Pictures in the data should be dropped; transcribe exactly the lines from the one that has "TOP MAGAZIN SAARLAND –" through the one that has "이는 2014년 9월".

#### EXTRACTED INFORMATION

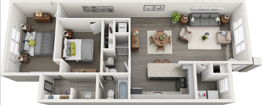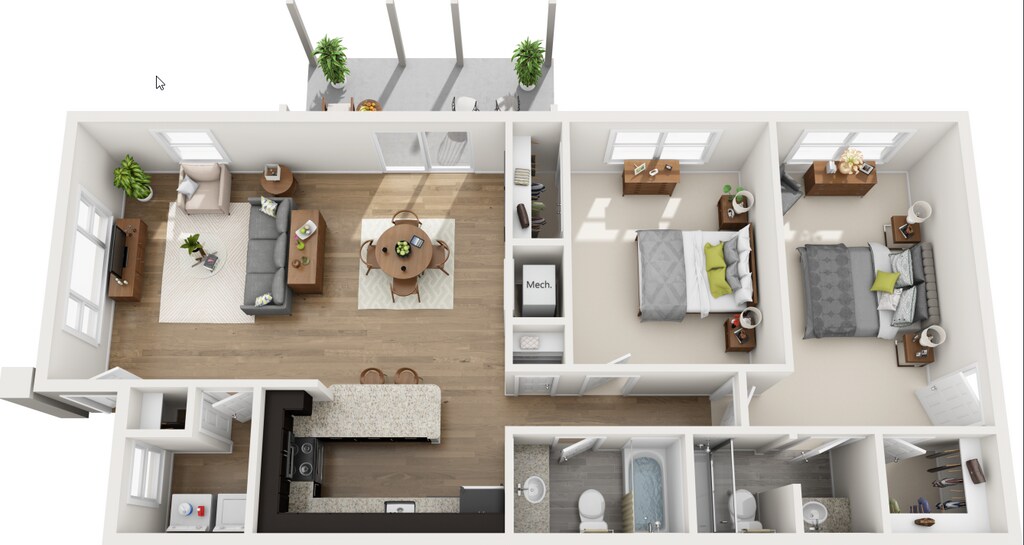 2 Dormitorios, 2 Baños, 1200 pies²Disponible AhoraEl más grandeEsta opción tiene las unidades más grandes para este modeloGalería del Modelo
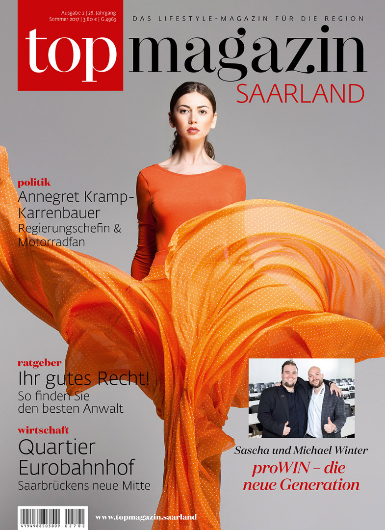 TOP MAGAZIN SAARLAND – Das bedeutet: 35 Jahre Lifestyle, Wirtschaft und Society-Themen auf höchstem Niveau. TOP MAGAZIN SAARLAND ist ein journalistisch fundiertes und optisch aufwändig gestaltetes Hochglanz-Magazin, das in der Region seinesgleichen sucht. TOP MAGAZIN SAARLAND erreicht zielgenau die TOP-Consumer, Meinungsmacher und Entscheider im Raum Saar-Lor-Lux.
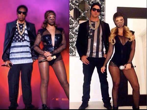 The white couple on the right chose a distinctive look when dressing as Jay-Z and Beyonce, so that the costumes would speak for themselves.
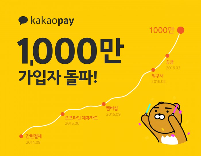 이는 2014년 9월 카카오페이 간편결제 서비스 출시 후 1년 9개월만의 성과다. 카카오페이는 카카오톡 기반인 동시에 국내 모든 신용카드를 지원하는 높은 편의성, 경쟁력 있는 인기 가맹점 1000개 이상 도입, 다양한 고객 할인 혜택 제공 등을 통해 가입 고객 수를 늘려왔다.
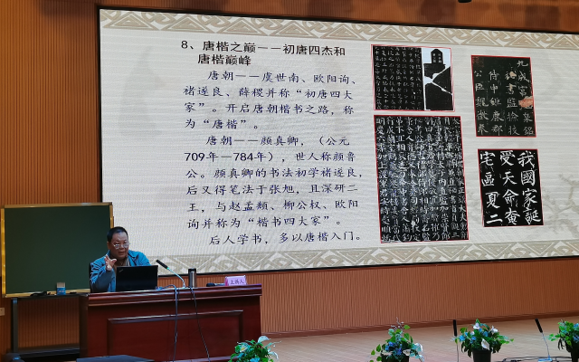 11月20日,“中国文字书写的起源以及现代书写技法”讲座在师生们的期待下如期展开,镇宁县政府办副主任罗治,思源实验学校校长卜良权,副校长韦丁、吴忠祥出席。从书法起源、鼎盛年代,到楷书、行书的具体技法要领,陈龙文教授娓娓道来,让在场众人感受到书法艺术的独特情趣。

########

_SOLUTION TO THE EXERCISE_
 TOP MAGAZIN SAARLAND – Das bedeutet: 35 Jahre Lifestyle, Wirtschaft und Society-Themen auf höchstem Niveau. TOP MAGAZIN SAARLAND ist ein journalistisch fundiertes und optisch aufwändig gestaltetes Hochglanz-Magazin, das in der Region seinesgleichen sucht. TOP MAGAZIN SAARLAND erreicht zielgenau die TOP-Consumer, Meinungsmacher und Entscheider im Raum Saar-Lor-Lux.
 The white couple on the right chose a distinctive look when dressing as Jay-Z and Beyonce, so that the costumes would speak for themselves.
 이는 2014년 9월 카카오페이 간편결제 서비스 출시 후 1년 9개월만의 성과다. 카카오페이는 카카오톡 기반인 동시에 국내 모든 신용카드를 지원하는 높은 편의성, 경쟁력 있는 인기 가맹점 1000개 이상 도입, 다양한 고객 할인 혜택 제공 등을 통해 가입 고객 수를 늘려왔다.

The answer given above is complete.